EXCERPTED RECORDS Block Start

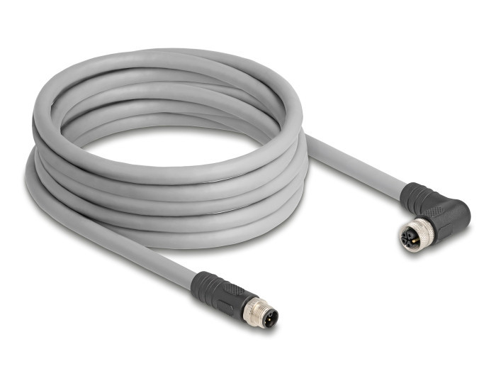 Delock M12 kábel L-kódolt 5 tűs egyenes apa jobbra hajlított anya PUR húzóláncokhoz alkalmas 5 m szürke (80545)
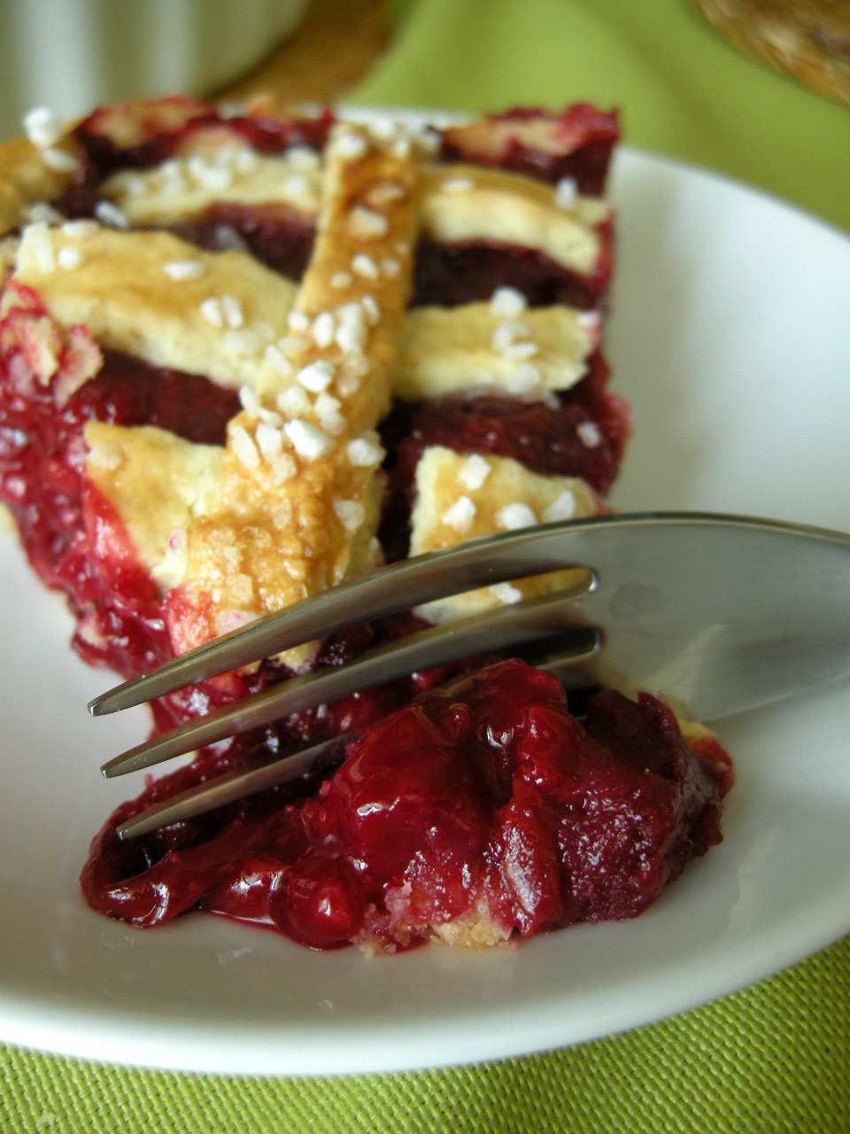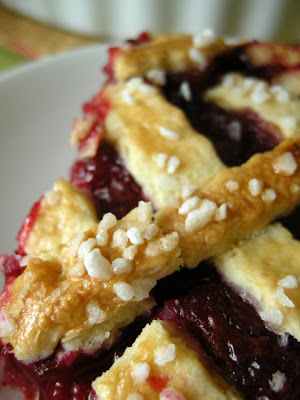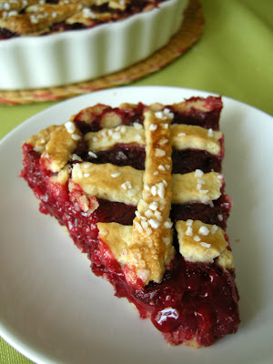 W tej tarcie zakochałam się od pierwszego wejrzenia, jak tylko ją zobaczyłam, pominęłam etap drukowania, wpinania w segregator z przepisami do wypróbowania, potem szukania gdzie to wcisnęłam, wszystko out. Pobiegłam do sklepiku po wiśnie i jest. I to jaka jest! Świetny przepis. Krucha, cudownie słodka, letnia tarta w kratkę (mam słabość do kratek, wyglądają tak fantastycznie zaściankowo). I co najlepsze – nadzienie się nie rozpaćkuje! Wiśnie trzymają się zgrabnie razem, nie wypływają, nie rozmiękczają spodu. W konsystencji przypominają coś jak bardzo gęstą konfiturę – ale tylko w konsystencji, w smaku już nie. Nie są kwaśne, ale mają swój aromat – po dodaniu wszystkich pozostałych składników do nadzienia, pozostał wiśniowy posmak, bez cierpkości. Przepis z gazety.pl, cytowany za Mają z Galerii Potraw.
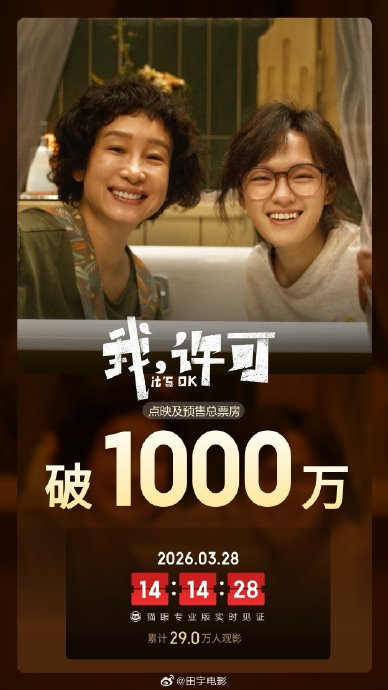 1. 《我,许可》 以2872万元预售成绩遥遥领先,占档期总预售近半份额。该片由文淇、秦海璐主演,聚焦母女代际冲突与女性自我觉醒,点映评分高达9.7分,女性观众占比超90%。
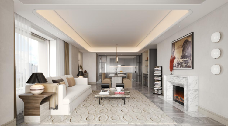 边套有约270°景观,室内约3.15米的层高让整个空间显得更加开阔大气。三面采光的设计,使得室内光线充足,拥有出众的景观和视野。超大的KDLB公区是一大亮点。这个公区面积约69㎡,几乎相当于市面一套房子的大小。
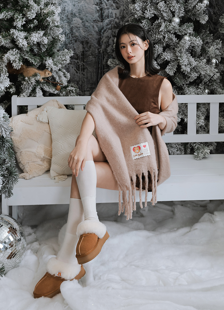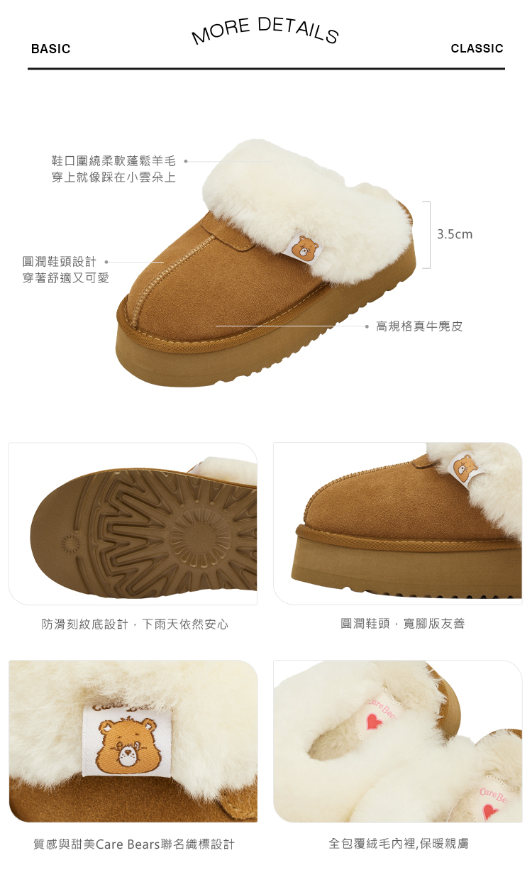 首頁 >女鞋 >Care Bears-溫柔小熊牛麂皮羊毛厚底雪地拖鞋 棕

EXCERPTED RECORDS Block End

* WORK INSTRUCTIONS
Copy the data word for word and omit every picture.

* TASK RESPONSE
 Delock M12 kábel L-kódolt 5 tűs egyenes apa jobbra hajlított anya PUR húzóláncokhoz alkalmas 5 m szürke (80545)
 W tej tarcie zakochałam się od pierwszego wejrzenia, jak tylko ją zobaczyłam, pominęłam etap drukowania, wpinania w segregator z przepisami do wypróbowania, potem szukania gdzie to wcisnęłam, wszystko out. Pobiegłam do sklepiku po wiśnie i jest. I to jaka jest! Świetny przepis. Krucha, cudownie słodka, letnia tarta w kratkę (mam słabość do kratek, wyglądają tak fantastycznie zaściankowo). I co najlepsze – nadzienie się nie rozpaćkuje! Wiśnie trzymają się zgrabnie razem, nie wypływają, nie rozmiękczają spodu. W konsystencji przypominają coś jak bardzo gęstą konfiturę – ale tylko w konsystencji, w smaku już nie. Nie są kwaśne, ale mają swój aromat – po dodaniu wszystkich pozostałych składników do nadzienia, pozostał wiśniowy posmak, bez cierpkości. Przepis z gazety.pl, cytowany za Mają z Galerii Potraw.
 1. 《我,许可》 以2872万元预售成绩遥遥领先,占档期总预售近半份额。该片由文淇、秦海璐主演,聚焦母女代际冲突与女性自我觉醒,点映评分高达9.7分,女性观众占比超90%。
 边套有约270°景观,室内约3.15米的层高让整个空间显得更加开阔大气。三面采光的设计,使得室内光线充足,拥有出众的景观和视野。超大的KDLB公区是一大亮点。这个公区面积约69㎡,几乎相当于市面一套房子的大小。
 首頁 >女鞋 >Care Bears-溫柔小熊牛麂皮羊毛厚底雪地拖鞋 棕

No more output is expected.